* _Dataset records_
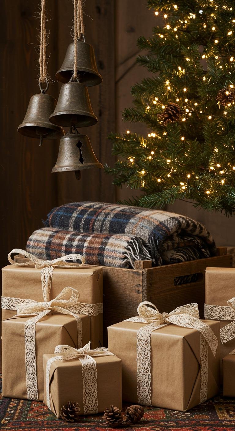 Burlap, wood, and metal are all about that cozy, rugged charm. Picture burlap table runners that look perfect paired with old wooden crates doubling as seasonal storage or display. Antique tin signs and vintage bells add just the right nostalgic touch. If you’re up for it, crafting with reclaimed wood is so satisfying — cut it, paint it with festive scenes, and suddenly you’ve got unique decorations that cost almost nothing.
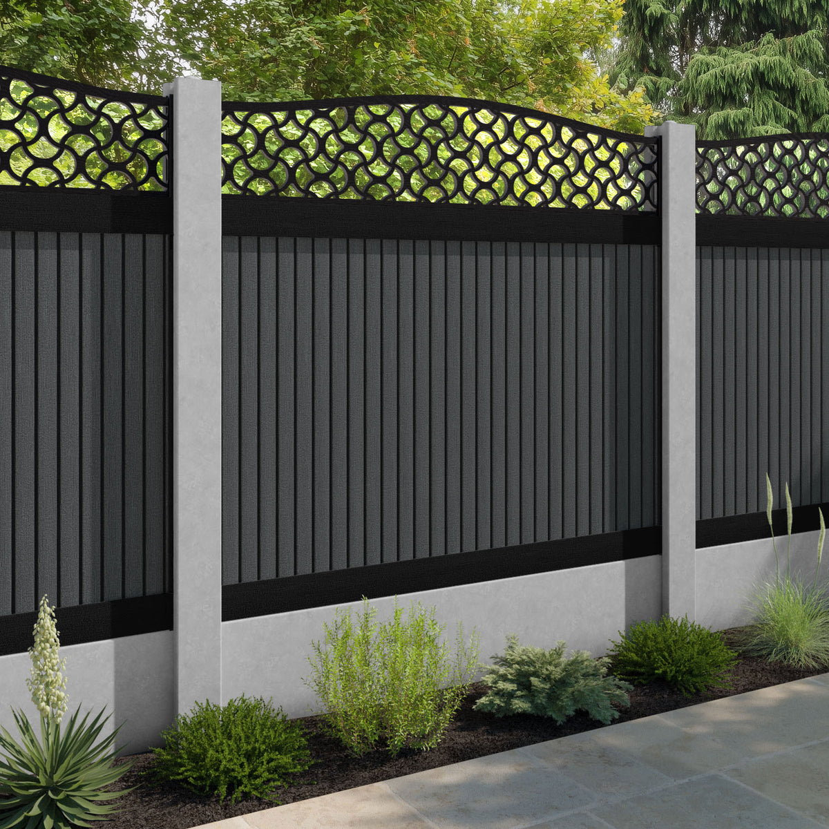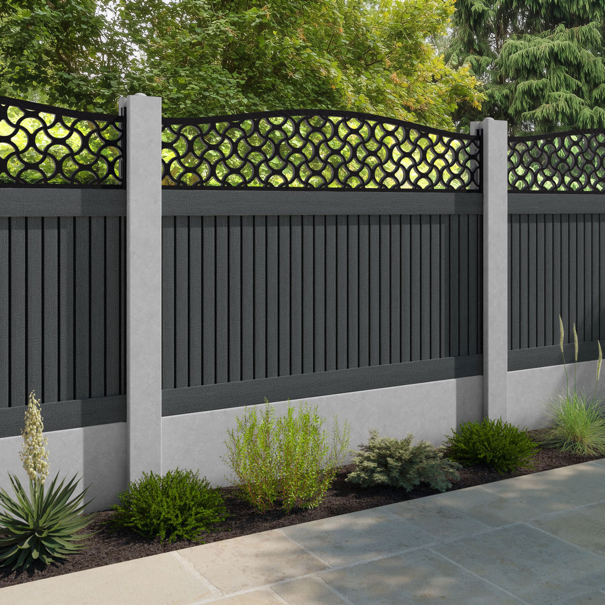 Virtis Vida Curved Top Fence Panel Dark Grey - for existing concrete posts
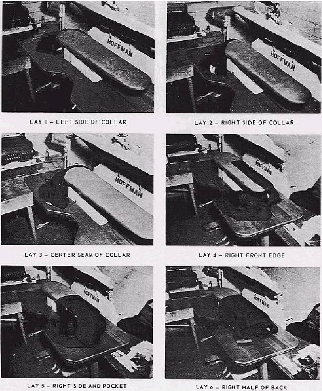 Figure 6-7.-Lays 1 thrugh 6 for pressing uniform coats.
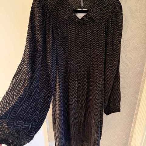 Nydelig sommerkjole i 100% viscose. Kjøpt i en vintage butikk på Grünerløkka, men blir dessverre ikke brukt så håper noen andre kan få glede av den. Knyting i livet så passer nok alle fra str. S og opp. Jeg er 172 og den treffer meg omtrent midt på leggen
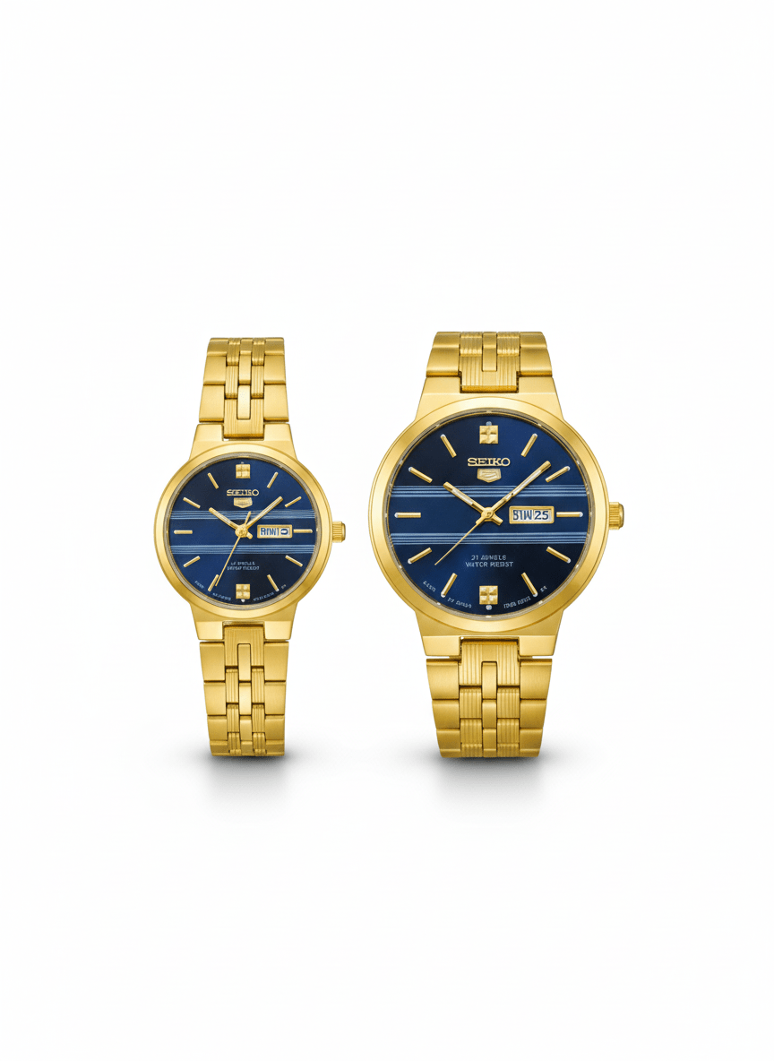The Seiko 5 Inspired Presidential Couple Set offers the perfect balance of prestige and value. Crafted as a high-tier reproduction, this set captures the iconic aesthetic of luxury horology with meticulous attention to detail. Every element, from the textured sunray dial to the polished metallic finish, is designed to provide an authentic high-end experience.
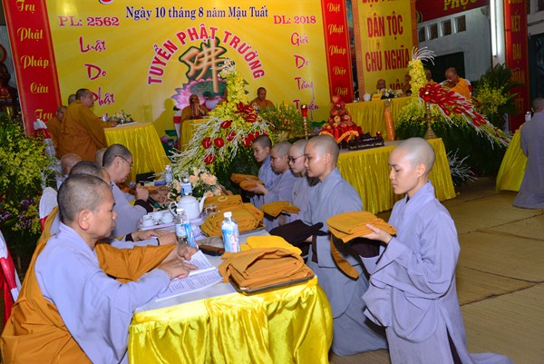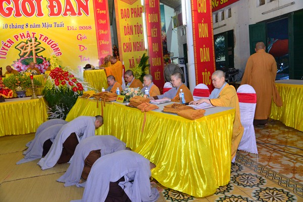 Buổi sáng, Hội đồng giới sư Tăng đã đăng đàn truyền giới Tỷ Khiêu cho 5 giới tử Tăng và truyền Sa Di giới cho 16 giới tử Tăng cầu giới. Song song với đó, Hội đồng giới sư Ni sau khi lễ Hội đồng giới Sư Tăng, tác bạch cầu Tăng đã tiến hành truyền Sa Di Ni giới cho 15 giới tử Ni đã trúng tuyển trong kỳ thi khảo hạch giới đàn trước đó.
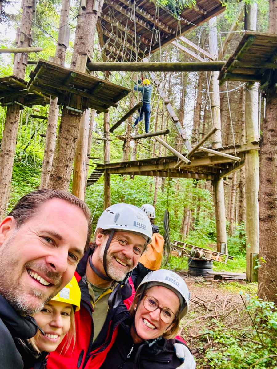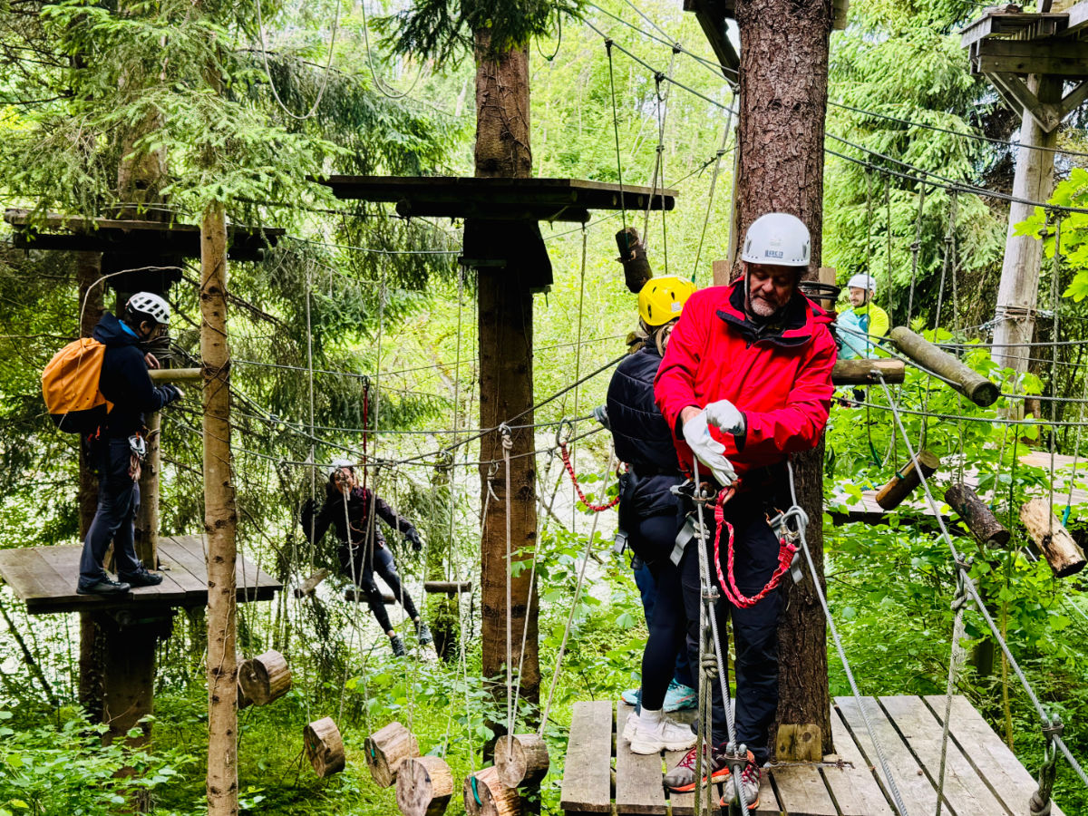 Bei zunächst strömendem Regen, aber bester Laune wurden die ersten Klettergurte angelegt und die Parcours erkundet. Mut, Geschicklichkeit und Teamgeist waren gefragt, als es über schwankende Brücken, rasante Seilrutschen und knifflige Hindernisse ging. Jeder konnte seine eigenen Grenzen austesten und dabei die Kolleginnen und Kollegen von einer ganz neuen Seite kennenlernen.
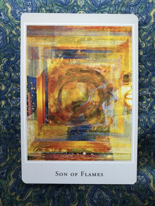 Las tarjetas de la corte aparecen para recordarnos quiénes somos. Hay dieciséis tarjetas de la corte y cada una sugiere un aspecto de nosotros mismos que necesita ser despertado. El Hijo de las Llamas (o el Caballero de Varas como se le llama más comúnmente) es usted en su momento más dinámico y carismático. Piensa en la última vez que te sentiste profundamente capacitado y completamente vivo. ¿O cuándo fue la última vez que permitió una expresión sin filtrar de su autenticidad e ingenio? Ese es el Caballero de Varitas, un aspecto de ti mismo que nunca retiene su brillo y talento.
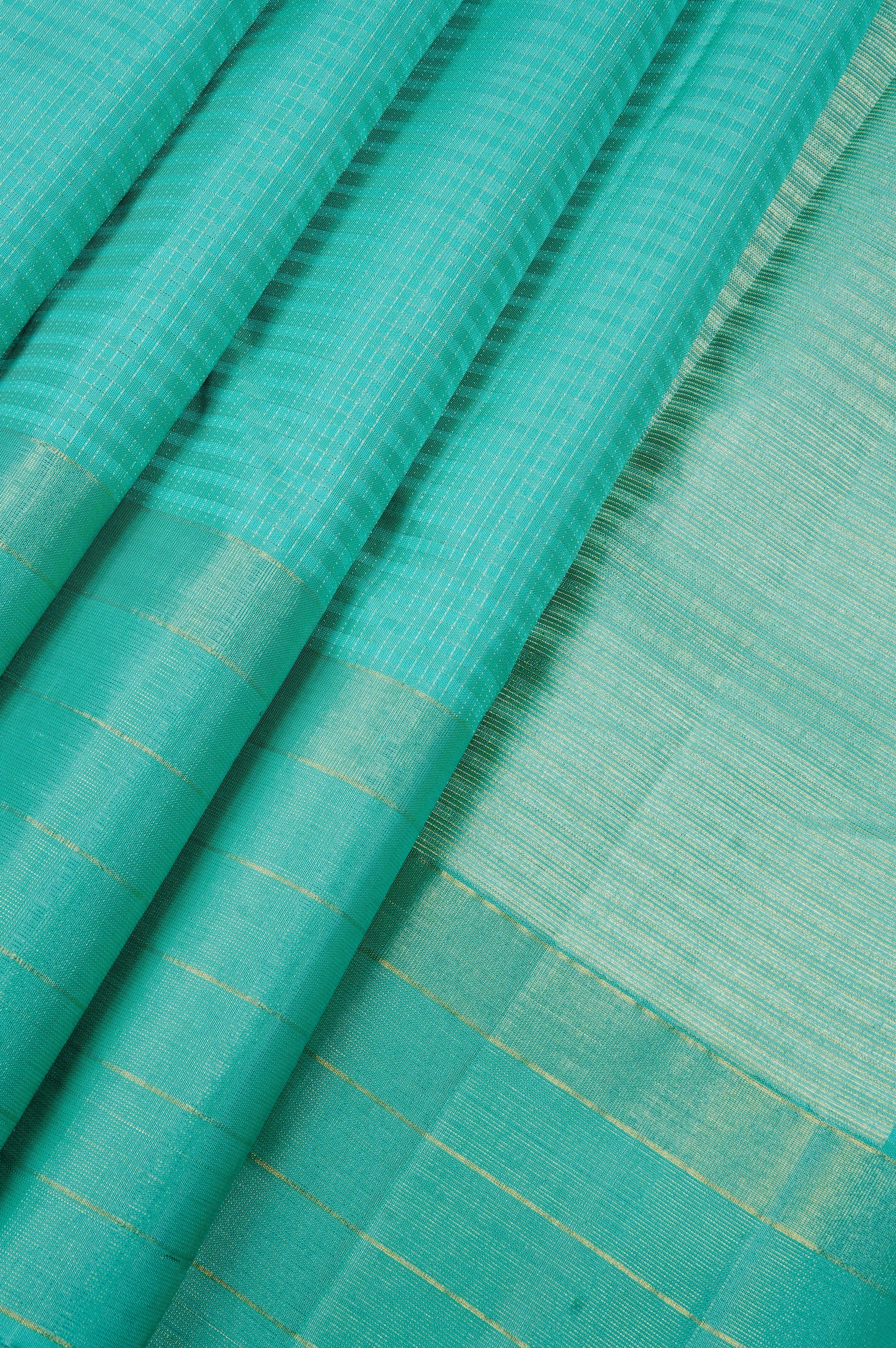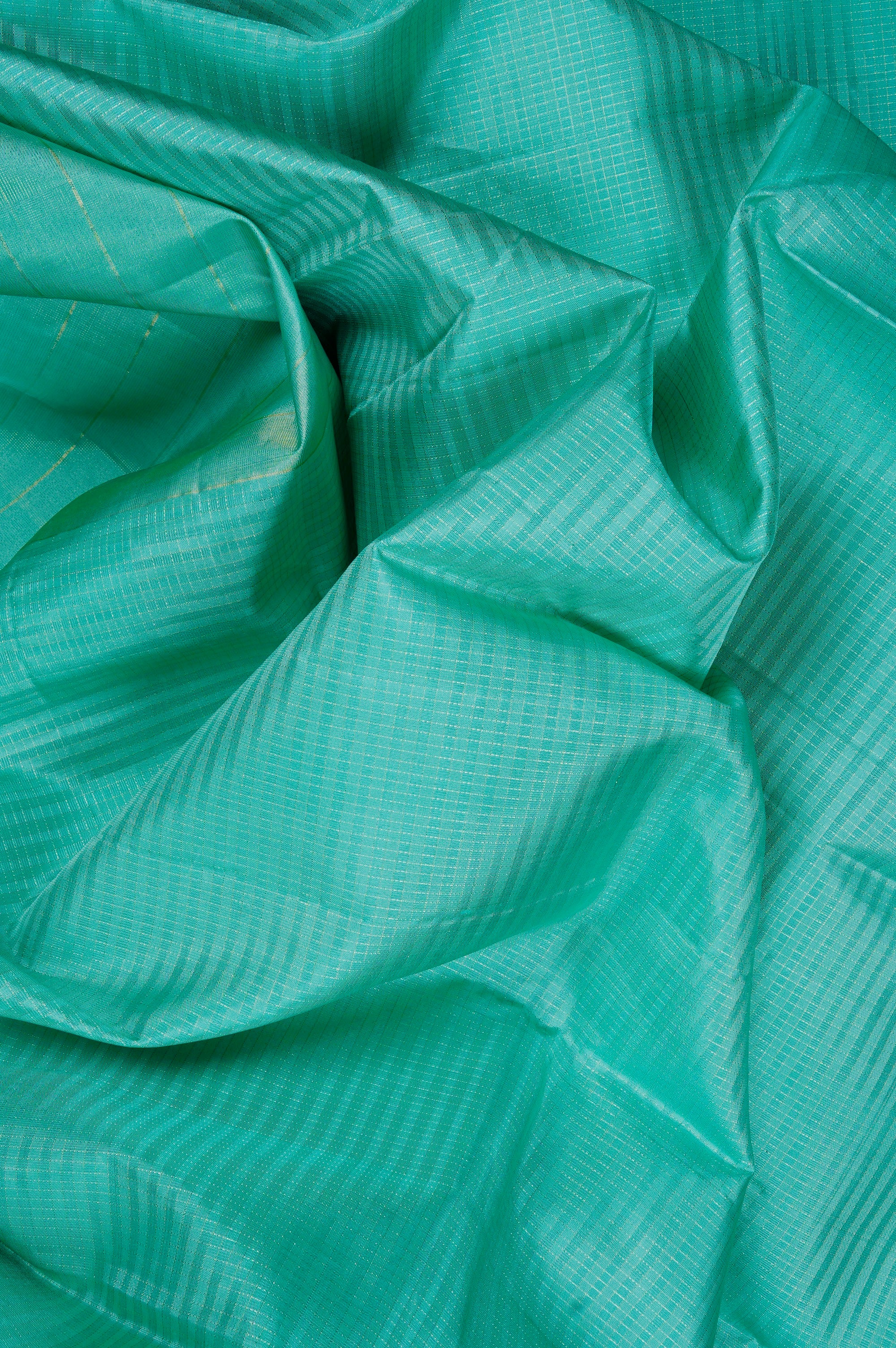 Jade mountain kanchipuram silk saree with very intricate and small checks created by zari and a subtle horizontal stripes effect created by darker threads. The border is of the same color, starting with a band of gold zari followed by smaller horizontal stripes woven in gold zari. The pallu has a wide vertical area of gold zari followed by smaller lines woven in gold zari. The saree has a monochromic blouse identical to the body and the same border.
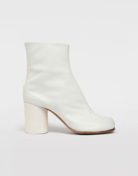 The iconic Maison Margiela split-toe Tabi boot in calfskin leather. 8 cm cylindrical heel. Hook closures on the back. Leather soles. Made in Italy. Item details 100% Bovine leather Basic solid colour Hook-and-eye closure Leather sole
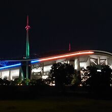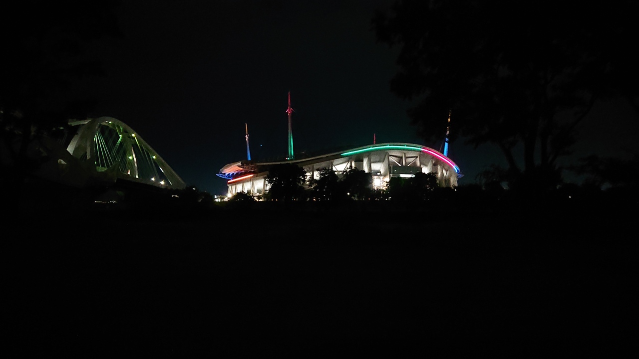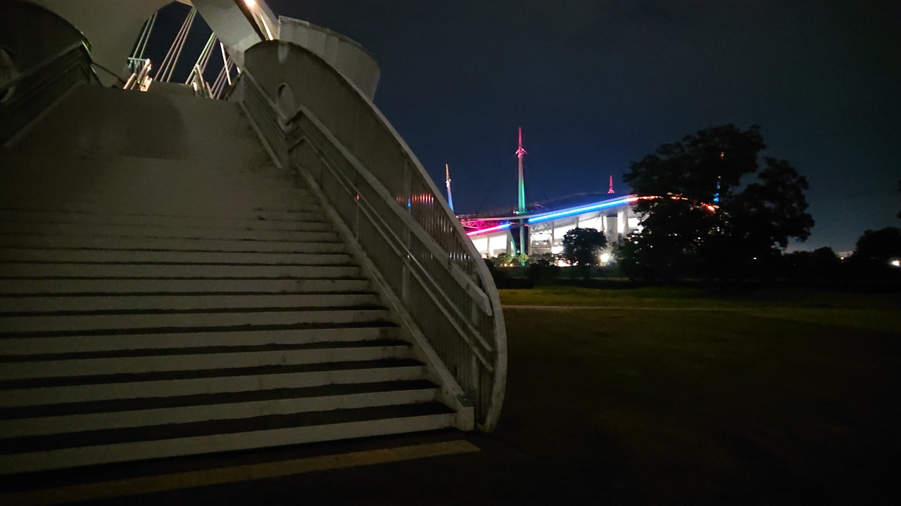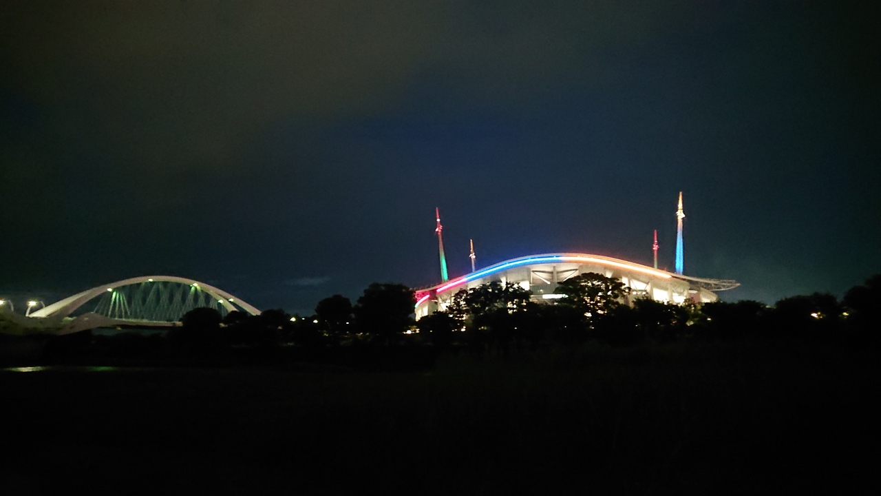 7月下旬の19時台に訪問。白浜公園内を、久澄橋側から豊田大橋側まで歩きました。周囲にはまだ薄明かりが残っており、ギリギリ散策できる位の明るさはありました。また、対岸の豊田スタジアムで行われていたライトアップが綺麗でした。

* _What is expected_
Repeat, exactly and in full, every entry in the data, but not the pictures.

* _Output for this task_
 Burlap, wood, and metal are all about that cozy, rugged charm. Picture burlap table runners that look perfect paired with old wooden crates doubling as seasonal storage or display. Antique tin signs and vintage bells add just the right nostalgic touch. If you’re up for it, crafting with reclaimed wood is so satisfying — cut it, paint it with festive scenes, and suddenly you’ve got unique decorations that cost almost nothing.
 Virtis Vida Curved Top Fence Panel Dark Grey - for existing concrete posts
 Figure 6-7.-Lays 1 thrugh 6 for pressing uniform coats.
 Nydelig sommerkjole i 100% viscose. Kjøpt i en vintage butikk på Grünerløkka, men blir dessverre ikke brukt så håper noen andre kan få glede av den. Knyting i livet så passer nok alle fra str. S og opp. Jeg er 172 og den treffer meg omtrent midt på leggen
The Seiko 5 Inspired Presidential Couple Set offers the perfect balance of prestige and value. Crafted as a high-tier reproduction, this set captures the iconic aesthetic of luxury horology with meticulous attention to detail. Every element, from the textured sunray dial to the polished metallic finish, is designed to provide an authentic high-end experience.
 Buổi sáng, Hội đồng giới sư Tăng đã đăng đàn truyền giới Tỷ Khiêu cho 5 giới tử Tăng và truyền Sa Di giới cho 16 giới tử Tăng cầu giới. Song song với đó, Hội đồng giới sư Ni sau khi lễ Hội đồng giới Sư Tăng, tác bạch cầu Tăng đã tiến hành truyền Sa Di Ni giới cho 15 giới tử Ni đã trúng tuyển trong kỳ thi khảo hạch giới đàn trước đó.
 Bei zunächst strömendem Regen, aber bester Laune wurden die ersten Klettergurte angelegt und die Parcours erkundet. Mut, Geschicklichkeit und Teamgeist waren gefragt, als es über schwankende Brücken, rasante Seilrutschen und knifflige Hindernisse ging. Jeder konnte seine eigenen Grenzen austesten und dabei die Kolleginnen und Kollegen von einer ganz neuen Seite kennenlernen.
 Las tarjetas de la corte aparecen para recordarnos quiénes somos. Hay dieciséis tarjetas de la corte y cada una sugiere un aspecto de nosotros mismos que necesita ser despertado. El Hijo de las Llamas (o el Caballero de Varas como se le llama más comúnmente) es usted en su momento más dinámico y carismático. Piensa en la última vez que te sentiste profundamente capacitado y completamente vivo. ¿O cuándo fue la última vez que permitió una expresión sin filtrar de su autenticidad e ingenio? Ese es el Caballero de Varitas, un aspecto de ti mismo que nunca retiene su brillo y talento.
 Jade mountain kanchipuram silk saree with very intricate and small checks created by zari and a subtle horizontal stripes effect created by darker threads. The border is of the same color, starting with a band of gold zari followed by smaller horizontal stripes woven in gold zari. The pallu has a wide vertical area of gold zari followed by smaller lines woven in gold zari. The saree has a monochromic blouse identical to the body and the same border.
 The iconic Maison Margiela split-toe Tabi boot in calfskin leather. 8 cm cylindrical heel. Hook closures on the back. Leather soles. Made in Italy. Item details 100% Bovine leather Basic solid colour Hook-and-eye closure Leather sole
 7月下旬の19時台に訪問。白浜公園内を、久澄橋側から豊田大橋側まで歩きました。周囲にはまだ薄明かりが残っており、ギリギリ散策できる位の明るさはありました。また、対岸の豊田スタジアムで行われていたライトアップが綺麗でした。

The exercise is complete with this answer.